Leukogene Therapeutics awarded $2M to develop myeloma treatment

August 30, 2018
Dr. Nathan Dolloff
Dr. Nathan Dolloff in his laboratory at the Medical University of South Carolina. Dr. Dolloff was recently awarded a phase 2 STTR grant to develop a compound to treat resistant multiple myeloma. Photo by Emma Vought.

A promising new compound that has shown to be effective against treatment-resistant multiple myeloma in preclinical trials at the Medical University of South Carolina received a $2 million grant to optimize the compound and develop it into an investigational new drug.

The phase II 2 Small Business Technology Transfer (STTR) grant was awarded to the MUSC startup company Leukogene Therapeutics Inc. in collaboration with MUSC researcher and company founder, Nathan G. Dolloff, Ph.D. Dolloff is an assistant professor in the Department of Cell and Molecular Pharmacology & Experimental Therapeutics and a researcher with the Hollings Cancer Center. Dolloff and his team will use the STTR award to further develop the new compound into a drug that could be used with proteasome inhibitors in treatment-resistant multiple myeloma.

Proteasome inhibitors have contributed to the dramatic improvement in multiple myeloma treatment and outcomes over the past 15 years. They disrupt the normal ebb and flow of protein synthesis and breakdown in cells by blocking the activity of the proteasome, which is the cell's major protein degradation machinery. This causes excess proteins to accumulate, which is highly toxic to some cancer cell types. Multiple myeloma is a cancer of plasma cells, a type of white blood cells that normally help fight off infection by producing a large quantity of proteins called antibodies. Because these cells produce a great deal of protein, they are prime targets for proteasome inhibitor treatment.

Although proteasome inhibitors work really well up front, patients eventually become resistant to the treatment. The compound Dolloff is developing is intended to provide patients with resistant multiple myeloma a new therapeutic avenue.

"Nearly all myeloma patients eventually reach that stage when their physician tells them they have explored all the options, and there's nothing else," says Dolloff. "Our goal has always been to develop that next treatment option and get it to patients as quickly as possible."

Using resistant cell lines they started to develop in 2012, Dolloff's team screened over 20,000 compounds, hoping to find one that reversed resistance to proteasome inhibitors in myeloma cells. Finally, they found the molecule for which they had been searching.

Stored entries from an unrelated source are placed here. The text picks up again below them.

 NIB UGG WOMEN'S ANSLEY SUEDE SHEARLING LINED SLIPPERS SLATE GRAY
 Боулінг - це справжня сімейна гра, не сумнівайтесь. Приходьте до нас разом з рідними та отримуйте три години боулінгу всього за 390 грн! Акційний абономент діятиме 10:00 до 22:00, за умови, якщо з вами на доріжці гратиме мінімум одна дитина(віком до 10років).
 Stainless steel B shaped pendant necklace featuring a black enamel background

This compound amplified the effects of proteasome inhibitors in a large panel of multiple myeloma cells, including those that had been made resistant, and reduced the number of cancer cells in mice with myeloma, helping them to survive longer.

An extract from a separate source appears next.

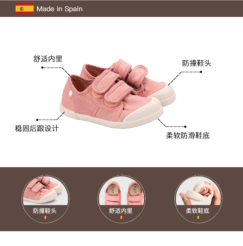 IGOR 26SS新品 西班牙进口宝宝赤足学步鞋魔术贴帆布鞋

While proteasome inhibitors kill cancer cells by preventing the breakdown of proteins, Dolloff's compound targets instead their synthesis, preventing proper folding, which is essential to protein function. Normally, the proteasome would target the unfolded or misfolded proteins for degradation to avoid the build-up of these dysfunctional proteins. However, proteasome inhibitors block the breakdown, leading to the buildup of toxic misfolded proteins. In principle, the compound developed by Dolloff could offer a one-two punch when administered together with proteasome inhibitors.

"We're creating a lot of misfolded junk proteins, and that, in and of itself, is toxic to myeloma cells," says Dolloff. "But because we are also blocking the breakdown side with proteasome inhibitors, we have a two-hit strategy that is extremely effective at killing myeloma cells."

The phase II STTR grant funds Dolloff and his team for two years to optimize this compound and select a lead molecule to take into clinical trials. During this time, they will improve the drug-like properties of the molecule, optimize its dose and treatment schedule in animal models and start the pharmacology and toxicology experiments that are necessary to turn the compound into an investigational new drug.

"Our plan is, within the next six to 12 months, to find and develop the strongest possible drug candidate," says Dolloff. "This will be the one that we hope to see utilized in patients."

During that time, Leukogene Therapeutics Inc. will also be preparing for the product manufacturing and toxicology studies that the Food and Drug Administration requires before clinical testing in humans. The company plans to seek industry partners to help accelerate the development process and provide a new product to cancer patients as fast as possible.

The team is also exploring whether its new class of drug is effective in other cancer types and whether it can enhance the activity of other cancer therapies, not just proteasome inhibitors. Preliminary findings suggest that is the case.

"One of the exciting things is that we think this goes well beyond myeloma, and we can apply this to a lot of different cancers," says Dolloff. "We may even be able to enhance a few drugs other than proteasome inhibitors."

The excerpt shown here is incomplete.